ASSIGNMENT -> A faithful copy of each record is required, minus the images.

DATA TO EXAMINE ->
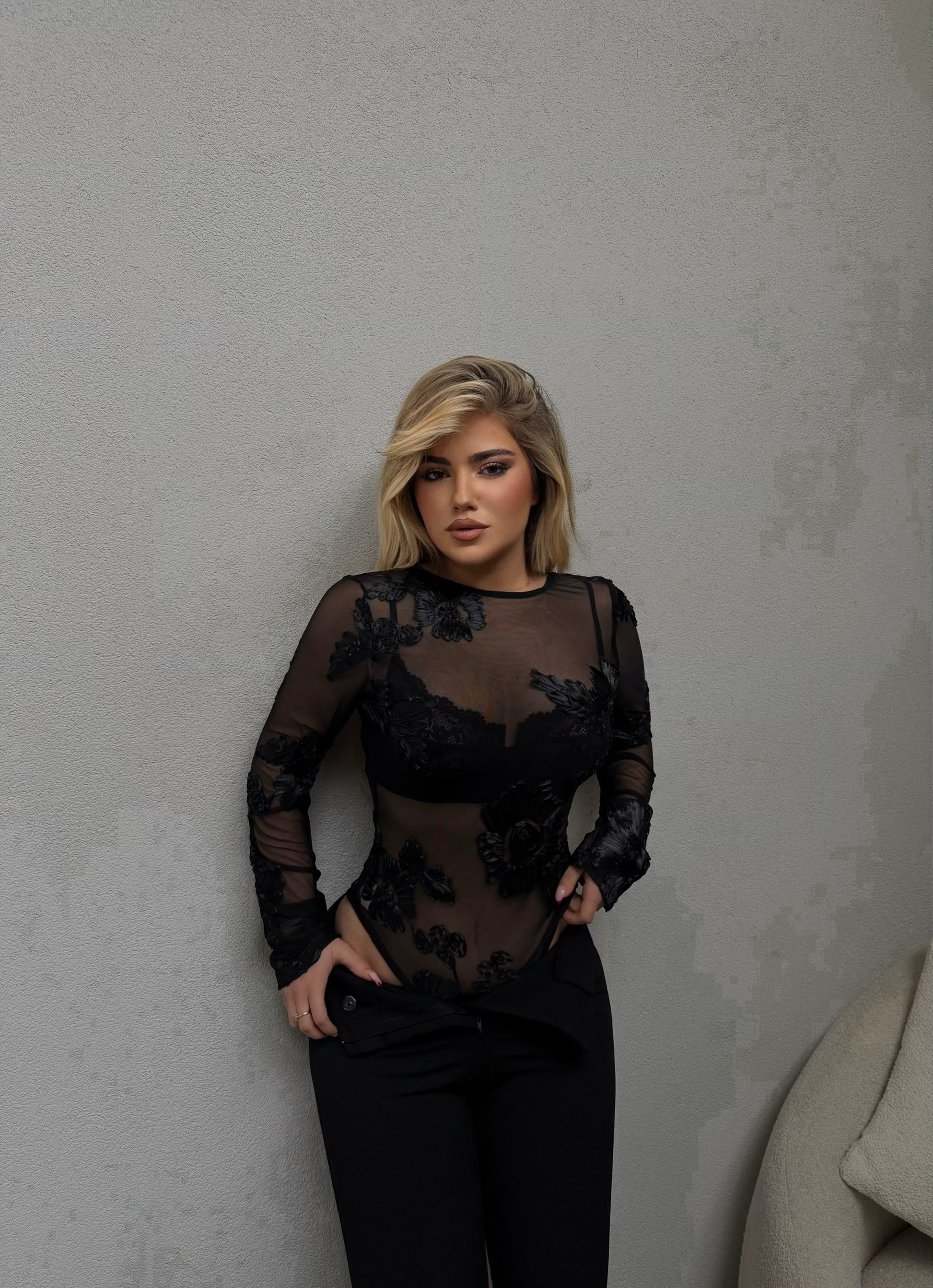 Body ne ngjyren e zeze me primt lulesh dhe mëngë të gjata, Material i bute dhe komod. Delikat, femëror dhe perfekt për çdo kombinim.
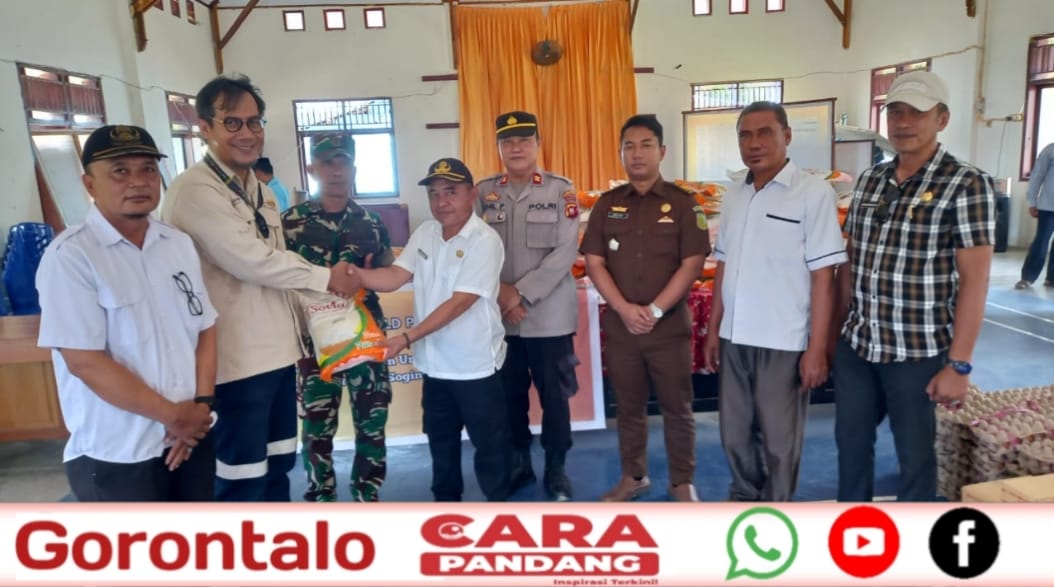 Penyerahan bantuan kemanusiaan Pani Gold Project disaksikan oleh Kapolres Pohuwato AKBP Winarno, Danramil Paguat dan Badan Penanggulangan Bencana Daerah (BPBD) yang sekaligus meninjau beberapa titik lokasi bencana dan dapur umum.
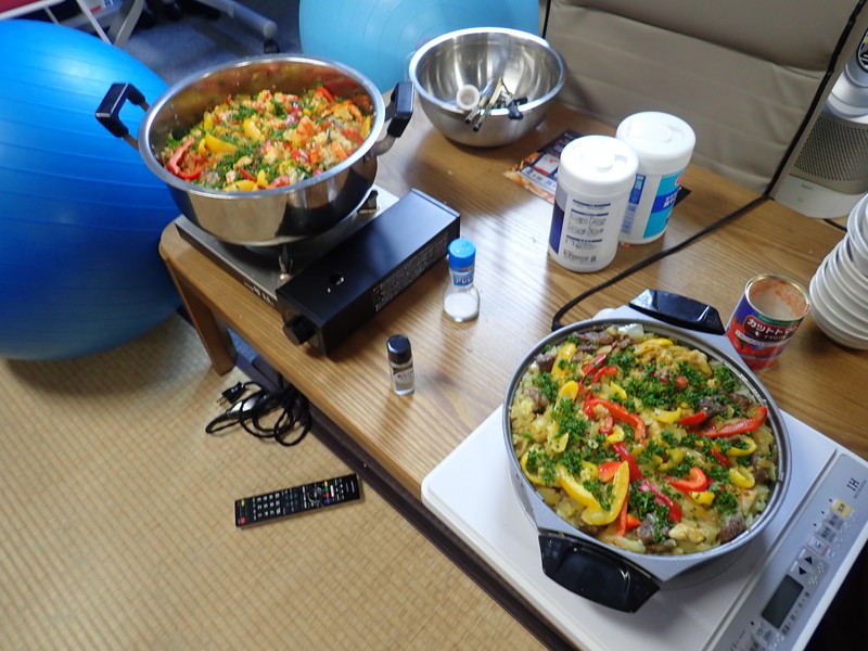 先輩方が本場スペインで入手してきたというパエリアの素を使用し,エビやアサリを使ったシーフードパエリアと,鶏肉や牛肉を使った肉パエリアの2つを作りました.
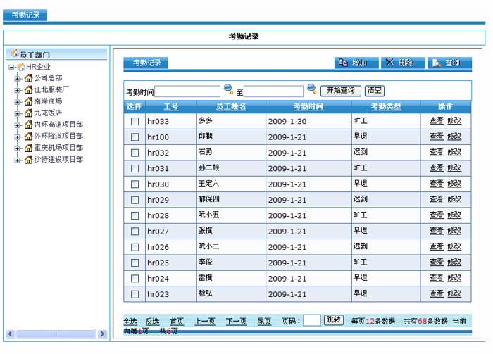 系统支持请假、出差、加班、补休、调班、停工等考勤业务管理。
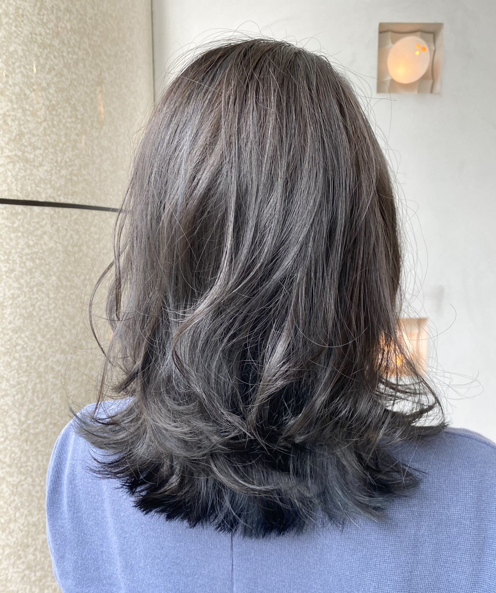 【伸ばしかけにもオススメ】ワンカール外ハネレイヤー・ブルージュカラー
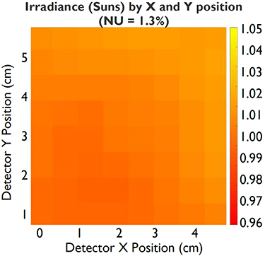 SciSun 太陽模擬器輸出非常均勻的光斑,其不均勻性&le;2%,如圖所示

EXERCISE OUTPUT ->
 Body ne ngjyren e zeze me primt lulesh dhe mëngë të gjata, Material i bute dhe komod. Delikat, femëror dhe perfekt për çdo kombinim.
 Penyerahan bantuan kemanusiaan Pani Gold Project disaksikan oleh Kapolres Pohuwato AKBP Winarno, Danramil Paguat dan Badan Penanggulangan Bencana Daerah (BPBD) yang sekaligus meninjau beberapa titik lokasi bencana dan dapur umum.
 先輩方が本場スペインで入手してきたというパエリアの素を使用し,エビやアサリを使ったシーフードパエリアと,鶏肉や牛肉を使った肉パエリアの2つを作りました.
 系统支持请假、出差、加班、补休、调班、停工等考勤业务管理。
 【伸ばしかけにもオススメ】ワンカール外ハネレイヤー・ブルージュカラー
 SciSun 太陽模擬器輸出非常均勻的光斑,其不均勻性&le;2%,如圖所示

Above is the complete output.